### GOAL OF THE EXERCISE:
Starting at the line that contains "Die Chiara im", transcribe every remaining line of the data below exactly, and omit all pictures.

### PROVIDED DATA:
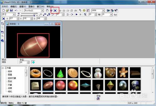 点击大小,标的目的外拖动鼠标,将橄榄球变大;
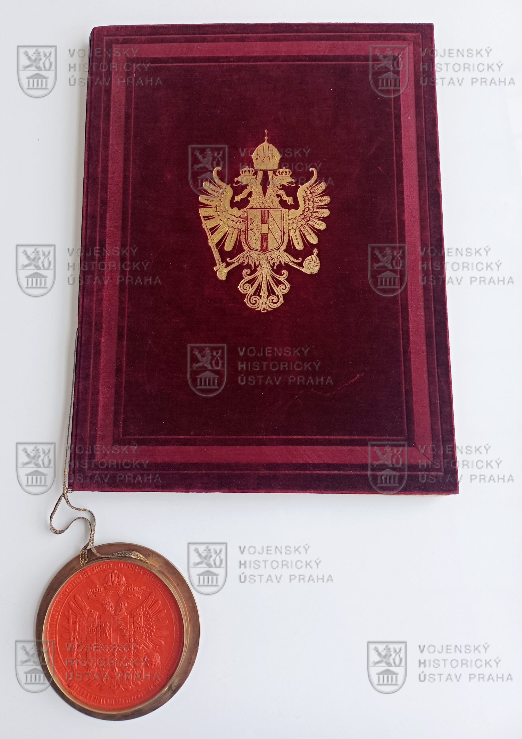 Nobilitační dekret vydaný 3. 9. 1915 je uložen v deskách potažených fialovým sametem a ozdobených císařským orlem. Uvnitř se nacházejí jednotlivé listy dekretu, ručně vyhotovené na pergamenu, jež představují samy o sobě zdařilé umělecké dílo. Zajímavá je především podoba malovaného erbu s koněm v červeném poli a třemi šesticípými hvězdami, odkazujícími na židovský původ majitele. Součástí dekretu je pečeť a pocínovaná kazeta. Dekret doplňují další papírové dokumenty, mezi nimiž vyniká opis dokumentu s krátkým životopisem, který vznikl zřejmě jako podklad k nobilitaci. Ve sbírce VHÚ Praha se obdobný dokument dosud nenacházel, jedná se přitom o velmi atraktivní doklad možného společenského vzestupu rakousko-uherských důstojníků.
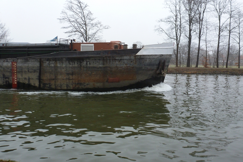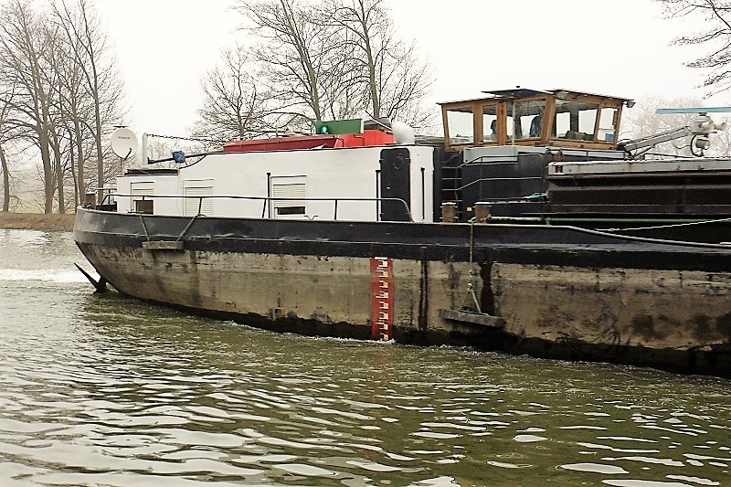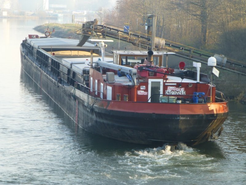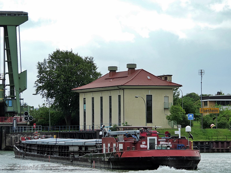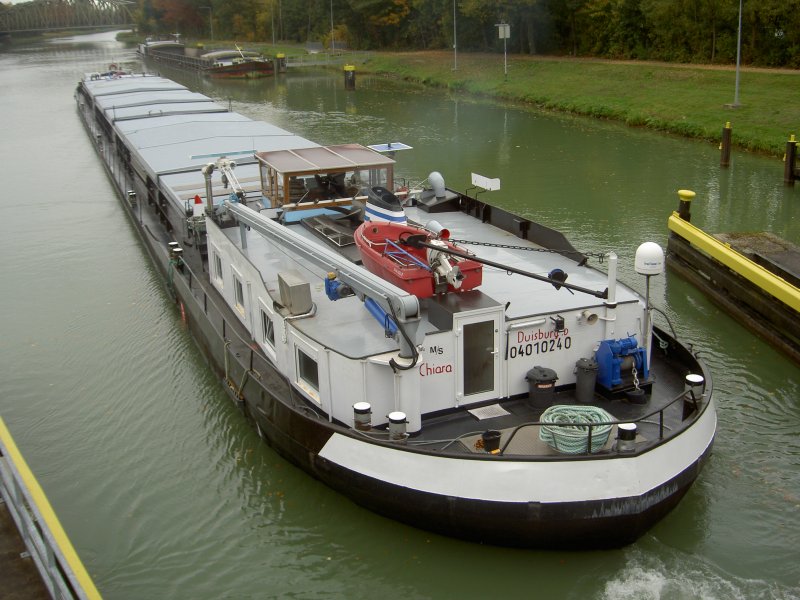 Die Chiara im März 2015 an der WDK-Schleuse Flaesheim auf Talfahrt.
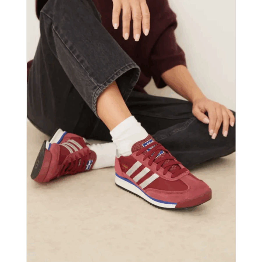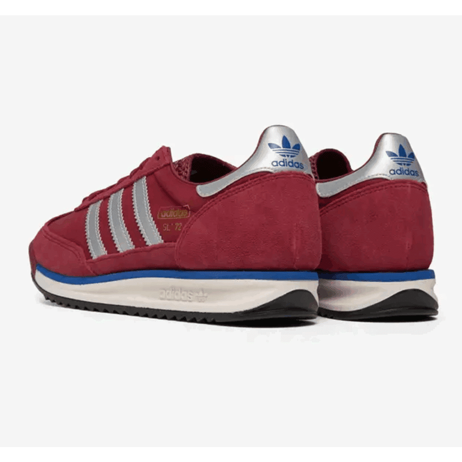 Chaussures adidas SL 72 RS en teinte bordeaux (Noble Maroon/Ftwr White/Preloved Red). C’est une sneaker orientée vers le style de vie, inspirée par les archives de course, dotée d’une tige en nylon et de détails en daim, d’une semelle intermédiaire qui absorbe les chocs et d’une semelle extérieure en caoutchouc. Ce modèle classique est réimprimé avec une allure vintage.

### SOLVED EXERCISE:
 Die Chiara im März 2015 an der WDK-Schleuse Flaesheim auf Talfahrt.
 Chaussures adidas SL 72 RS en teinte bordeaux (Noble Maroon/Ftwr White/Preloved Red). C’est une sneaker orientée vers le style de vie, inspirée par les archives de course, dotée d’une tige en nylon et de détails en daim, d’une semelle intermédiaire qui absorbe les chocs et d’une semelle extérieure en caoutchouc. Ce modèle classique est réimprimé avec une allure vintage.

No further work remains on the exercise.